The IBM document also provides the REORGCHK command to calculate whether the table needs to be reorganized based on the statistical formula.
For example, you can REORGCHK the system table and user table respectively:
(1) REORGCHK for system tables
- DB2 reorgchk update statistics on table system
(2) REORGCHK for user tables
- db2 reorgchk update statistics on table user
It should be noted that if the data volume in the database is large, these operations usually take a long time, so try to do it when the database is relatively idle.
- db2 update db cfg using AUTO_MAINT off AUTO_TBL_MAINT off AUTO_RUNSTATS off
In DB2 8.2, the database can automatically collect statistical information. However, such an action will bring additional load. In general, you can turn it off and only run it as needed.
2. LOAD
Load is a very powerful data migration tool in DB2. It is generally used for data insertion in large batches. Because the Load operation does not remember logs, the efficiency is very good. I used to Load data at a speed of 50-60 Mb/s ON THE RS6000 platform. Here I want to discuss how to use load in the DB2 database to influence the statistics of your catalog view.
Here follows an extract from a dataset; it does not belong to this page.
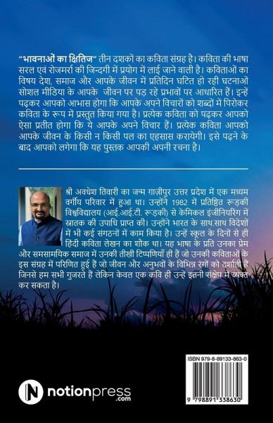 "Bhavnayon ka Kshitiz" is a collection of poems spanning three decades. The language of poetry is simple and can be used in everyday life. The theme of the poems is based on the daily events happening in the country, society and your life and the impact of social media on your life. After reading these, you will feel that your own thoughts have been put into words and presented in the form of poetry. After reading each poem, you will feel that these are your own thoughts. Each poem will make you feel some moment of your life. After reading it you will feel that this book is your own creation.
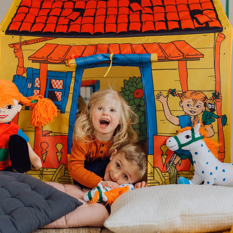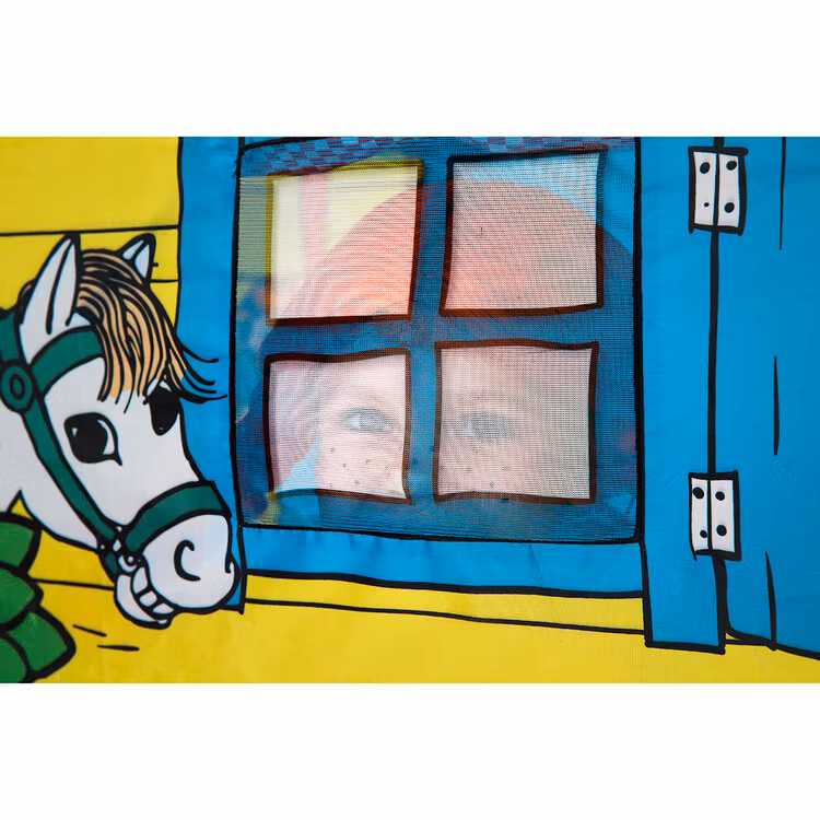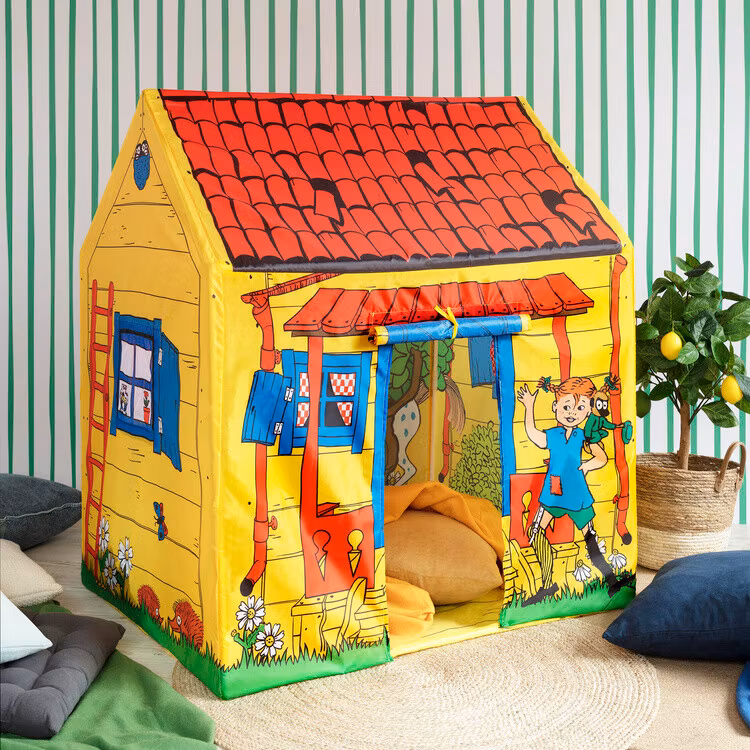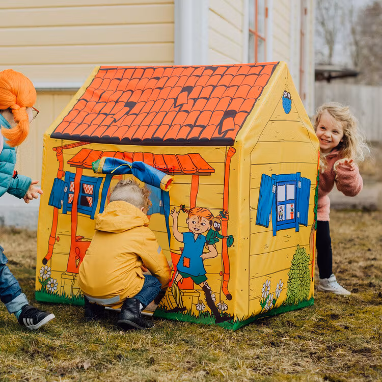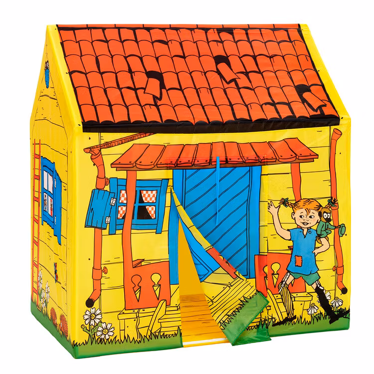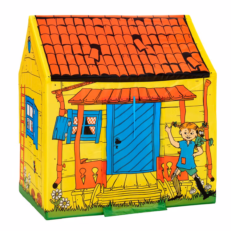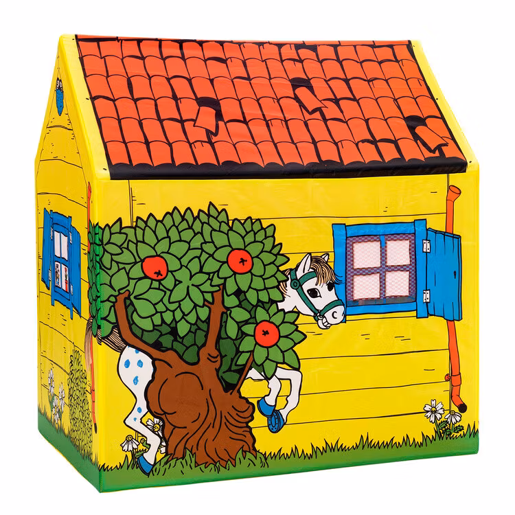 Ett klassiskt lekhus i tyg för alla busiga barn! Lek tokiga Pippi-lekar eller plocka fram favoritsagan och mys en stund i det lilla huset! Gå in och ut genom tygdörren eller rulla upp den och fäst med banden om du vill ha dörren helt öppen. Du kan också rulla upp gardinerna i de tre fönstren. Lekhuset har även ett golv av tyg. Villa Villekulla som lektält gör succé både i barnrummet och i trädgården - kanske ett gömställe när du leker kurragömma? Pippitältet är enkelt att sätta upp och ta ned.

The statistics option can be used to generate statistics during loading. These statistics can be used by the optimizer to determine the most effective way to execute SQL statements.
For example:
Produce the most detailed statistics on tables and indexes:
- load from mobile_number.del of del replace into mobile statistics yes
- with distribution and detailed indexes all
Both tables and indexes generate simple statistics:
- load from mobile_number.del of del replace into mobile statistics yes and indexes all
You can do this in the new version of DB2 8.2:
- load from mobile_number.del of del replace into mobile statistics use profile
3. DB2LOOK
Db2look is a powerful auxiliary tool of DB2. It can help us extract the database structure from the current database. In many cases of data migration, we need this powerful tool very much.
In some cases, especially when the development database is migrated to the production database and the production database is migrated to the development database environment, we need to use the db2look tool to ensure consistency of the SQL Execution Plan, the db2look tool can be used to extract the statistical information of database objects and migrate the statistical information of the database.
For example:
(1) collect statistical information in the user environment:
Db2 runstats on table <User table schema Name>. <table Name>
Db2look-d <user DB2 database name>-t <Table Name>-m-o statis. SQL
The output file is an UPDATE statement for each field value related to the statistical information of the table in the user DB2 system catalog table.
Db2-svtf statis. SQL
(2) Use the statistical information provided by the user to update the statistical information of the test table in the test environment:
4. Summary
This article describes several common methods for updating execution plans in DB2. In actual work environments, there are many differences. It should be emphasized that in the DB2 database, cost-based optimizer determines the SQL Execution efficiency. Correct and timely collection of DB2 database statistics is crucial for the optimizer to generate the correct execution plan.